→ **YOUR ASSIGNMENT**
The required output is the exact text of the lines from the line containing "2000年代チェア&テーブル" through the final line below, inclusive, without pictures.

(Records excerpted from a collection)
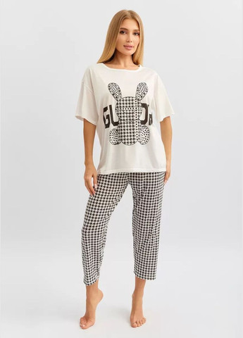 Женская пижама тройка 3 в 1 с принтом кролика, размер единый на 42-46р Подходит также как пижама для подростков. В комплекте: штаны, футболка с короткими рукавами, шорты. Размер и параметры изделия: Размер - 42-46 (S-L) (один размер) Штаны: - Длина: 90см - Шаг: 58 см. - Эластичность пояса: 28 - 51см. Шорты: - Длина: 37 см Футболка: - Общая длина: 55 см Объем груди: до 105 см Рекомендации по уходу: Уход за вещами деликатная стирка; гладить на низкой температуре Перед первым использованием рекомендуем постирать.
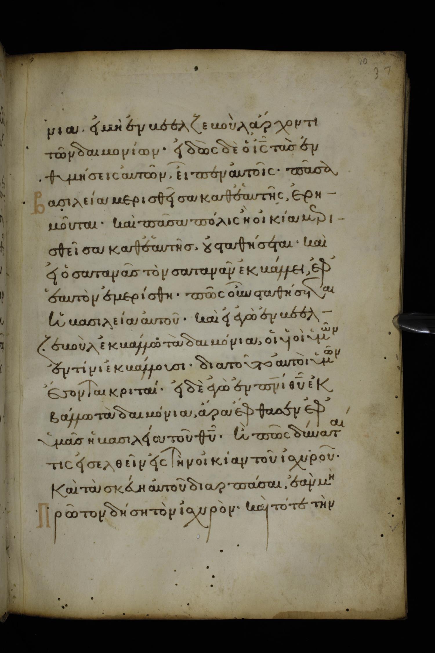 οἱ δὲ Φαρισαῖοι ἀκούσαντες εἶπον Οὗτος οὐκ ἐκβάλλει τὰ δαιμόνια εἰ μὴ ἐν τῷ Βεεζεβοὺλ / Βεελζεβοὺλ ἄρχοντι τῶν δαιμονίων.
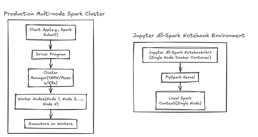 Jupyter All-Spark (This Guide) runs Spark in standalone mode on a single machine: - Driver and executors run in one container - All processing uses local machine resources (RAM, CPU) - No network communication between nodes - Perfect for learning and prototyping
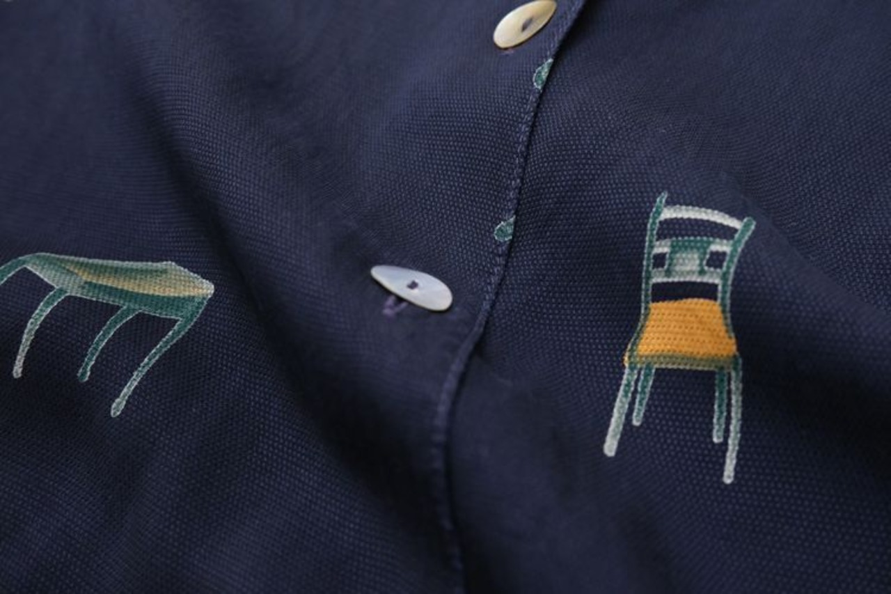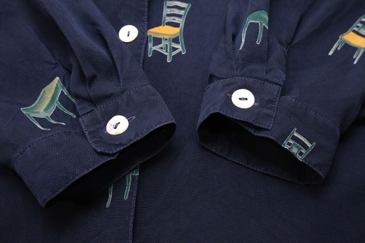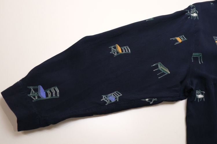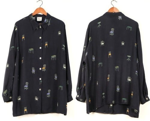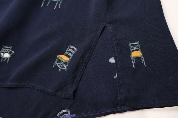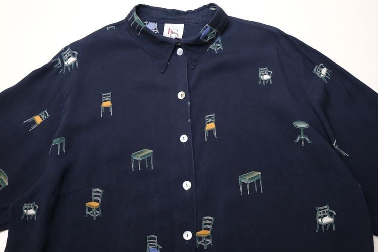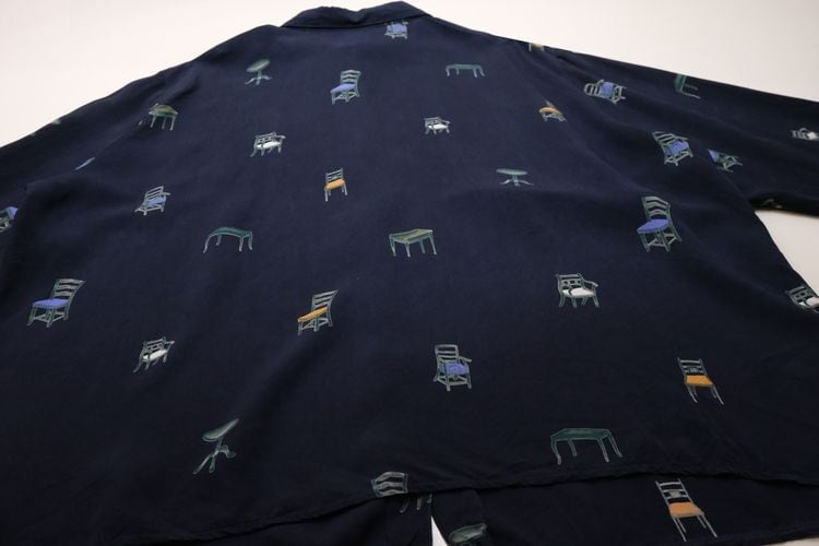 2000年代チェア&テーブル柄のレーヨンシャツ。様々なデザインの椅子やテーブルが描かれた、抜け感のあるテキスタイルが目を引くいく一品です。サイドスリット入りのボックスシャツ型に、大きめの貝ボタンがアクセントになったシンプルなデザイン。やや粗目に織り上げられた生地は、独特の風合いとくたり柔らかく肌触りの良い着心地が魅力となっています。とくに目立ったダメージはございませんが、多少の着用感が見られますのであくまでUSED品とご確認の上ご検討ください。カラーリングやスタイルにはきちんと感があり、遊び心の効いたテキスタイルは大人の外しアイテムとしてもお勧めです。
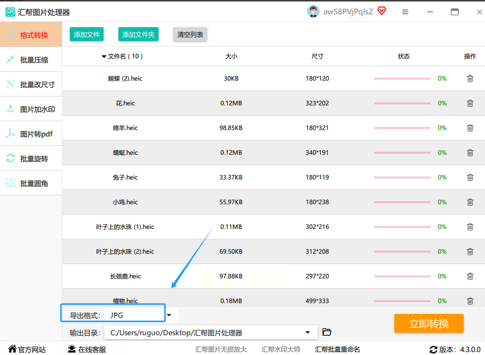 首先,用浏览器打开它的网站。在它的工具列表或菜单里,找到 “图片格式转换” 或类似名称的功能。点击进入转换页面。你会看到一个上传按钮,点击它,从电脑里选择你要转换的HEIC照片,可以多选。传上去之后,在输出格式那里,选择 JPG。最后,点击“智能转换”或“开始转换”这样的按钮。

→ **EXPECTED ANSWER**
 2000年代チェア&テーブル柄のレーヨンシャツ。様々なデザインの椅子やテーブルが描かれた、抜け感のあるテキスタイルが目を引くいく一品です。サイドスリット入りのボックスシャツ型に、大きめの貝ボタンがアクセントになったシンプルなデザイン。やや粗目に織り上げられた生地は、独特の風合いとくたり柔らかく肌触りの良い着心地が魅力となっています。とくに目立ったダメージはございませんが、多少の着用感が見られますのであくまでUSED品とご確認の上ご検討ください。カラーリングやスタイルにはきちんと感があり、遊び心の効いたテキスタイルは大人の外しアイテムとしてもお勧めです。
 首先,用浏览器打开它的网站。在它的工具列表或菜单里,找到 “图片格式转换” 或类似名称的功能。点击进入转换页面。你会看到一个上传按钮,点击它,从电脑里选择你要转换的HEIC照片,可以多选。传上去之后,在输出格式那里,选择 JPG。最后,点击“智能转换”或“开始转换”这样的按钮。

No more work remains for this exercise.